Key facts
- Companies with the highest AI spending grew employment by roughly 10% and entry-level hiring by 12%.
- Firms with low AI spending saw no significant employment gains.
- AI adoption is concentrated in information, finance, and professional services.
- AI adopters were already larger, faster-growing, and more technical companies.
- The study analyzed over 21,500 U.S. companies between 2021 and early 2026.
A study by financial operations platform Ramp, in collaboration with labor market analytics firm Revelio Labs, analyzed AI spending and employment data for over 21,500 U.S. companies between 2021 and early 2026. The findings suggest that companies making the largest investments in artificial intelligence are expanding their workforces, challenging the narrative that generative AI is currently driving widespread white-collar layoffs.
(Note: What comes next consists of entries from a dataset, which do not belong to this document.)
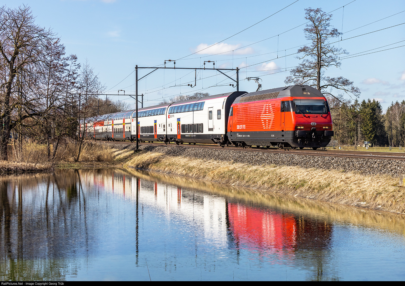 | Re 460 # 067 is pulling the IC 811 of the line IC8 from Brig via Bern-Zürich to Romanshorn along the pond at Riedt near Erlen. |
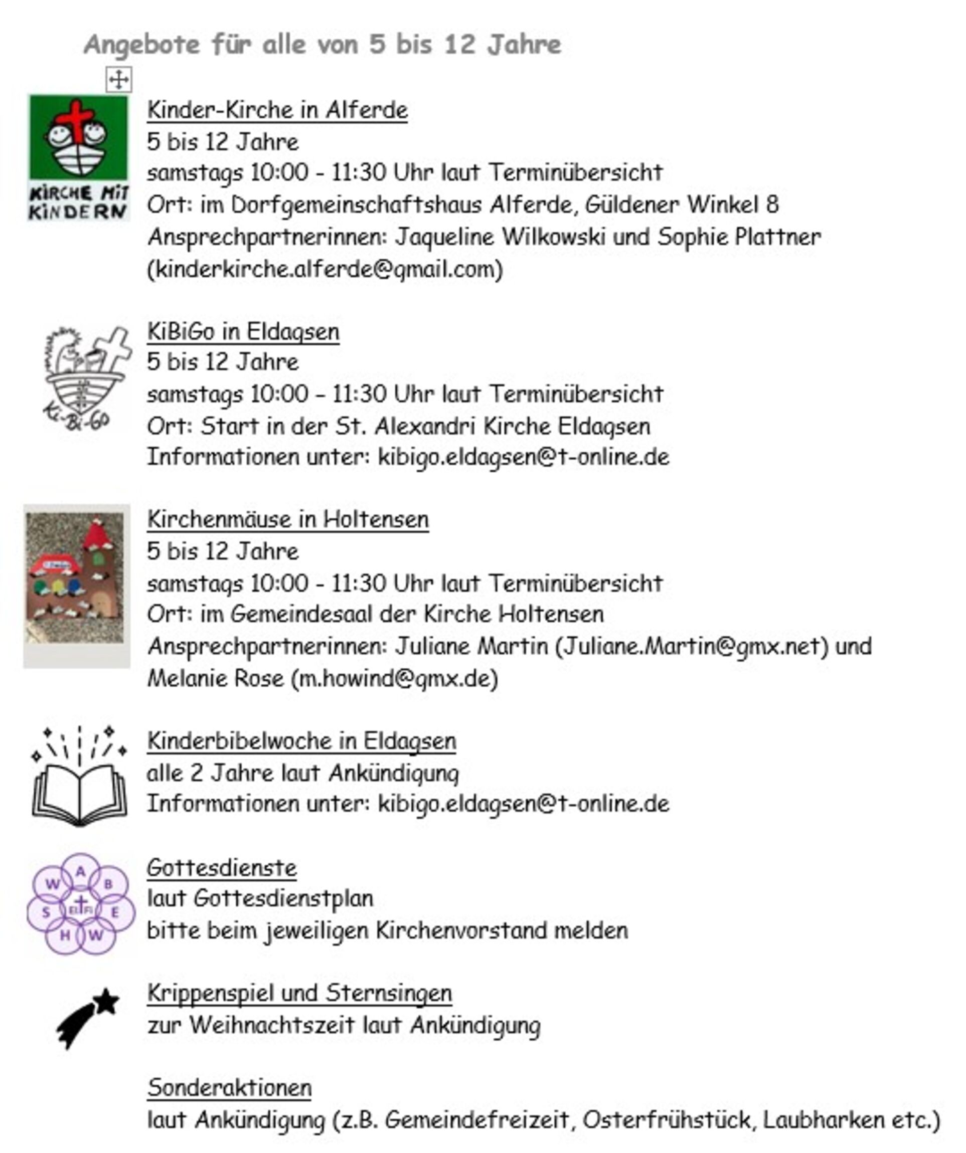 Die Gesamtkirchengemeinde Eldagsen und Finiendörfer setzt ein eigenes Konfirmationsunterrichtsmodell um. Die Konfirmandenzeit beginnt schon mit 5 Jahren und endet mit 14 Jahren.
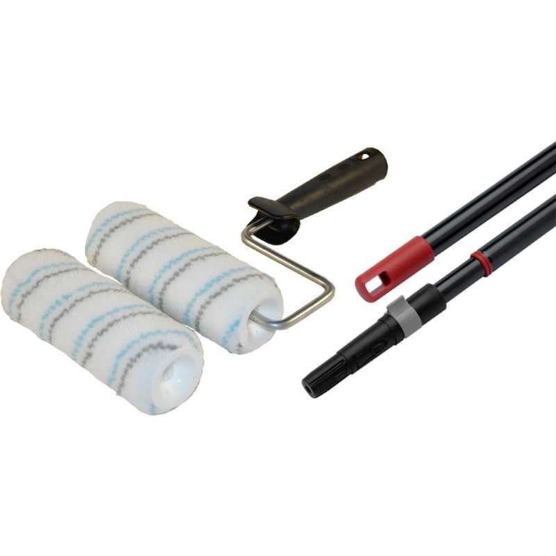 Ensemble rouleaux recharge murs et plafonds spécial finition velours. Rouleau 180 mm avec une recharge, fibres courtes. Perche télescopique 96cm à 160cm.
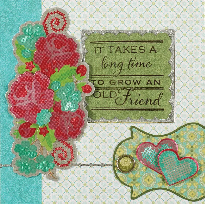 Use the tool kit to trace and cut the right 2½" of the Victorian label from Rosemary & Thyme yellow tapestry paper. Mat on green cardstock with 1/32" borders, then stamp “we’ll be friends forever” on it. Insert a brad in the right end and glue at the lower left as shown. Place a Dazzles™ border from the brad across the inside.
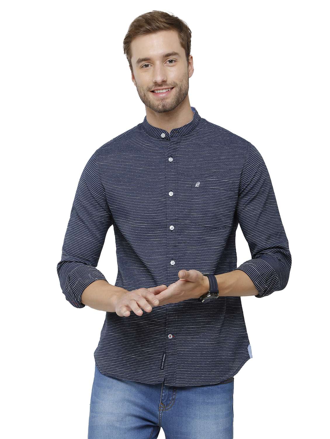 navy blue striped casual shirt
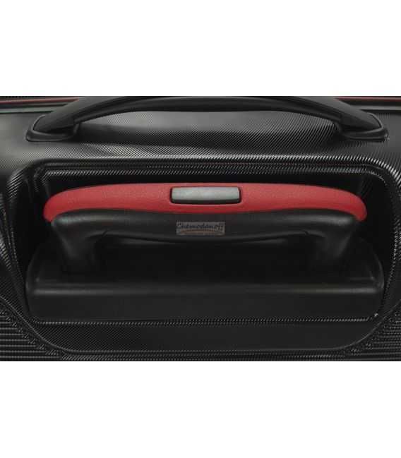 В чемодана есть 2 отделения: одно с фиксирующими ремнями, другое закрывается на молнию. Сверху и сбоку чемодана расположены стационарные ручки для ручного переноса в вертикальном или горизонтальном положениях. Имеется выдвижная телескопическая ручка на металлической основе с кнопкой для фиксации высоты.
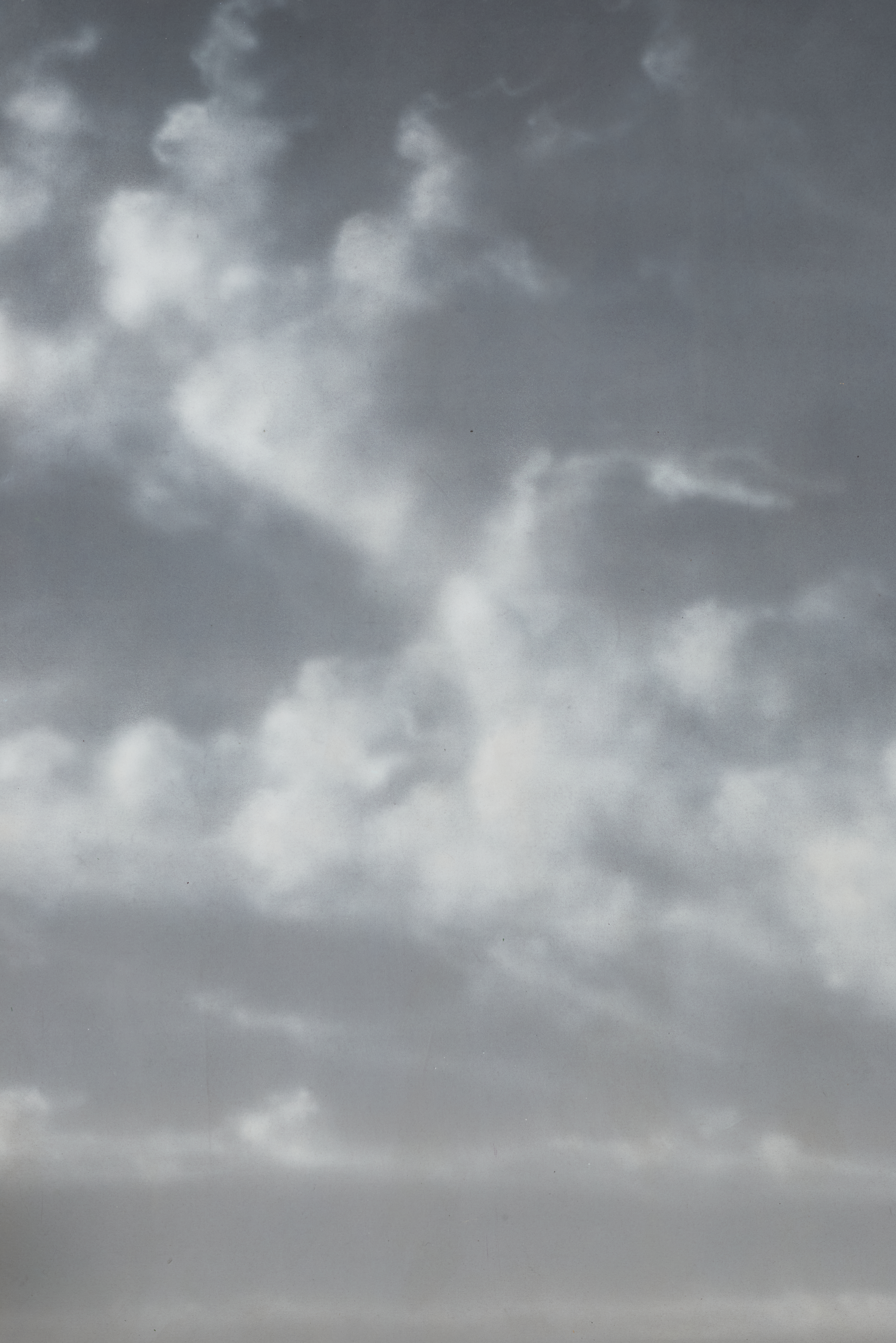 Monochromatic sky filled with scattered, billowing clouds against a gray background.

Firms with the highest AI spending intensity saw employment grow by approximately 10%, with entry-level hiring increasing by about 12%. In contrast, companies with low AI spending experienced no statistically significant employment gains. The study found that these hiring gains emerged gradually over six to 12 months, indicating a period required for AI integration into workflows before productivity benefits are realized.
Researchers cautioned that companies adopting AI were already larger, faster-growing, more technical, and more likely to be venture-backed prior to deployment. The report noted that AI adoption remains concentrated in knowledge-intensive industries, with information companies showing the highest rates, followed by finance and professional services, while sectors like hospitality and healthcare lagged. The study defines adoption as three consecutive months of at least $100 in AI vendor spending.